The judge determined that although Freedman, Ben-Joseph, and Outcome had engaged in conduct constituting a violation of c. 93A by unlawfully failing to disclose the Sirius engagement, Butts and BEA failed to prove that they had suffered any adverse consequences or loss as a result of the defendants' misconduct. See Hershenow v. Enterprise Rent-A-Car Co. of Boston, 445 Mass. 790, 791, 840 N.E.2d 526 (2006) (proof of injury, whether economic or noneconomic, "is an essential predicate for recovery under our consumer protection statute"); Frullo v. Landenberger, 61 Mass. App. Ct. 814, 823, 814 N.E.2d 1105 (2004) (absence of essential element of loss of money or property "fatal" to G. L. c. 93A, § 11, claim, even in light of evidence of unfair or deceptive act). Accordingly, the judge concluded that the plaintiffs were not entitled to relief under c. 93A; he also denied the plaintiffs' claim for attorney's fees.

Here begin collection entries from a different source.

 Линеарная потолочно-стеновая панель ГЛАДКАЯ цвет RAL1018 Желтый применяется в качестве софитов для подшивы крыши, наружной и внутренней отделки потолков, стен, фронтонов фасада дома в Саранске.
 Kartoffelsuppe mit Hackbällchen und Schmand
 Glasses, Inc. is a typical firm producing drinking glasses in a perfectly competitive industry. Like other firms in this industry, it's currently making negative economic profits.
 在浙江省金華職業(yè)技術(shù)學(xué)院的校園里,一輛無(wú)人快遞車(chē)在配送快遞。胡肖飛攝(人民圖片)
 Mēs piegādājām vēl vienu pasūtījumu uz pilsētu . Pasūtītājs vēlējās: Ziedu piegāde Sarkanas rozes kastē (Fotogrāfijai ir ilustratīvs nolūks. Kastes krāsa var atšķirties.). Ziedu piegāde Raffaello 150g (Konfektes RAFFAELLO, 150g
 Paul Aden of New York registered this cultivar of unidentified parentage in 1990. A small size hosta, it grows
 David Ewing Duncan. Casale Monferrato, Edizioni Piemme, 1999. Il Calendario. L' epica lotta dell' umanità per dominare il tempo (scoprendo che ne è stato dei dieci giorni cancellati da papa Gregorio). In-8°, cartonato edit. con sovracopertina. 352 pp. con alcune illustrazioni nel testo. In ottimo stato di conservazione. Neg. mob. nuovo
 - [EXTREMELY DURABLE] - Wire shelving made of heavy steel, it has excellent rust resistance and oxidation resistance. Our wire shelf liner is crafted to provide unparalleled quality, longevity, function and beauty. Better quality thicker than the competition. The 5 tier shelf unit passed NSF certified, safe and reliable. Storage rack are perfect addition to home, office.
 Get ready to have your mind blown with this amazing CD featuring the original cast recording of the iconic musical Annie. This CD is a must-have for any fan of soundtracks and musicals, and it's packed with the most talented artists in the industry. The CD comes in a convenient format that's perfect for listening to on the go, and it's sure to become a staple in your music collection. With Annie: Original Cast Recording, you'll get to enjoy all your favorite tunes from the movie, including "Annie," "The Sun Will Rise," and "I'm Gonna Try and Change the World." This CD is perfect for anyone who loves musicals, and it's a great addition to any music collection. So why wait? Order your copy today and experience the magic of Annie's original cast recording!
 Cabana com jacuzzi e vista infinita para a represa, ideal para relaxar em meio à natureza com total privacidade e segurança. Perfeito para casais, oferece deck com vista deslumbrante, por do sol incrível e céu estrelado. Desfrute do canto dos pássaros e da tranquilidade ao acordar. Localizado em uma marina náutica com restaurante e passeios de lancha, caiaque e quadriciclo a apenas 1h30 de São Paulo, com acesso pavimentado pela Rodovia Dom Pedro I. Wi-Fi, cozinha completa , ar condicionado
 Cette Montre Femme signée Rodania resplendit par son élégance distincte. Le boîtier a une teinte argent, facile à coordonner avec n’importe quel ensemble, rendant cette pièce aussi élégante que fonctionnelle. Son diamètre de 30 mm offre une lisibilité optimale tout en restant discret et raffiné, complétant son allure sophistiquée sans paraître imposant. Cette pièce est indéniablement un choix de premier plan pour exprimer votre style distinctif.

Butts and BEA challenge the judge's conclusion that, because the Sirius stock ended up being worthless, they suffered no loss. The plaintiffs argue that the judge improperly focused on the value of the stock at a specific point in time rather than recognizing that, had they also received stock, they could have suffered a financial loss either by not being in a position to sell the stock when it had value, or by not being able to use the loss as an advantageous tax deduction.
The plaintiffs' argument presumes a key fact that the judge did not find and the record on appeal does not support. The record before us is devoid of evidence that the Sirius stock received by Freedman, Ben-Joseph, and Outcome ever had any value, either when issued or at any other time prior to the company's bankruptcy. Nor does the record demonstrate how any associated capital loss could be used for tax purposes. The plaintiffs have not shown that the judge's findings were clearly erroneous.
The record appendix does not include any of the trial transcript except for the judge's findings, which were dictated from the bench, and the section of the plaintiffs' brief arguing that they suffered a loss does not include any citations to the record where evidence of loss might be found. See Cameron v. Carelli, 39 Mass. App. Ct. 81, 83-85, 653 N.E.2d 595 (1995) (appellant has obligation to include in appendix parts of transcript necessary for review of issues raised on appeal, and argument section of appellant's brief must contain citations to part of record relied upon).
Given our disposition of this claim, we need not address the defendants' argument that this case involves only an internal business dispute, to which c. 93A does not apply. See Beninati v. Borghi, 90 Mass. App. Ct. 556, 566-567, 61 N.E.3d 476 (2016).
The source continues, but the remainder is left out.